The Importance of Conveyor Pulleys in the Mining Industry

Blog | February 29th, 2016

miningBefore beginning properly, imagine a conveyor belt that crosses sixty miles of desert. The Moroccan desert employs such a system (gizmode.com), an unending series of pulleys and belts that can almost be seen from space. This extreme example of mining industry conveyance illustrates the invaluable nature of conveyor pulleys.
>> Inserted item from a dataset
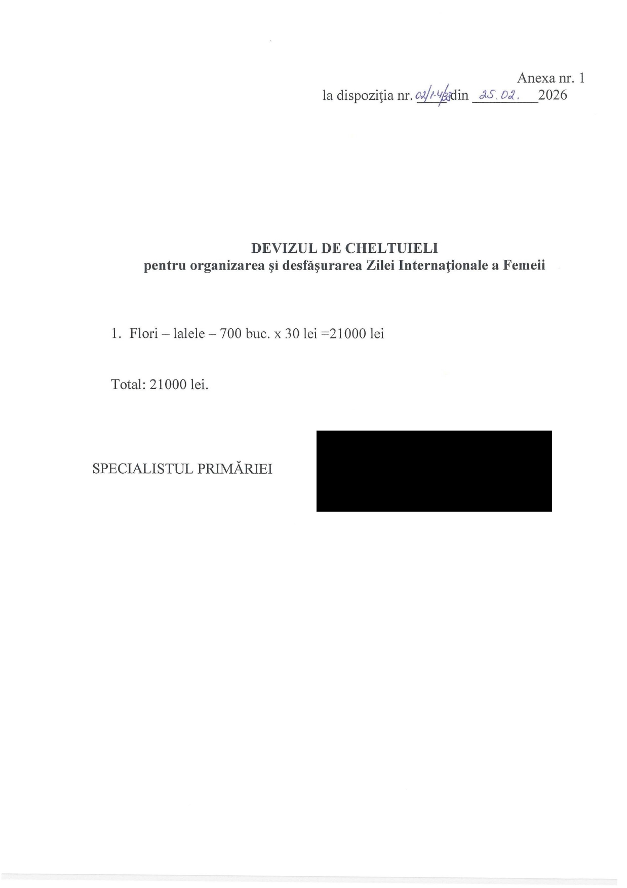 Conform dispoziției, autoritățile locale au aprobat și devizul de cheltuieli pentru organizarea evenimentului. Potrivit anexei documentului, bugetul este destinat achiziționării florilor ce vor fi oferite în cadrul acțiunii. Astfel, pentru eveniment vor fi cumpărate 700 de lalele, fiecare cu prețul de 30 de lei, suma totală alocată fiind de 21.000 de lei.

The reinforced belts are the passive material bearers in the above example, but the army of pulleys apply dynamic forces to the process, enabling road-free zones to transport valuable ores and minerals to shipping stations and processing plants.

The demanding requirements of the mining industry don’t typically extend across a sixty-mile (ninety-five kilometre) expanse of hot, empty desert, but the example does serve to emphasise the importance of conveyor pulleys. They’re the bridging mechanisms that sit between the strong belts and the drive system. The drums are necessarily imbued with incredibly tight dimensional specifications. In this way, the ore-laden rocks and streams of aggregate matter are conducted efficiently through the mine without incurring waste, for the earthen material is potentially worth millions of dollars, and lost revenue is not an option. The drums, therefore, carry horizontal streams and inclined masses of just excavated rock smoothly forward. In achieving this optimal flow, the angular framework of the conveyor is divided between each of the pulleys, resulting in a tightly aligned series of drums and shafts, a momentum that ensures one-hundred percent of the mined material is carried to its discharge point.

Increased service life is a must-have in this scenario. Bearings are ensconced in special housings to prevent clouds of coal dust from penetrating rolling elements. The belt cladding and other proprietary drum specifications are reinforced to handle transient impact events and the general wear and tear that results from a setting where rocky matter is bouncing across conveyor belts. The conveyor pulleys absorb much of this chaotic impact as it’s transferred through the steel-laced belt. The cladding prevents mechanical transmission, stops the shock energy from radiating to delicate bearings and other rotating elements. It only takes one massive impact to throw the alignment of a single shaft out of orbit, which means the ability of the drum to absorb such shocks is a critical part of the final design.

The mining industry employs “mine-duty” components, pulleys and pulley shafts that are equipped with toughened features that go above and beyond heavy duty equipment. Built to rotate smoothly across kilometres of desert and subterranean chambers, every pulley is a strong link in a strong chain of an expensive excavation process.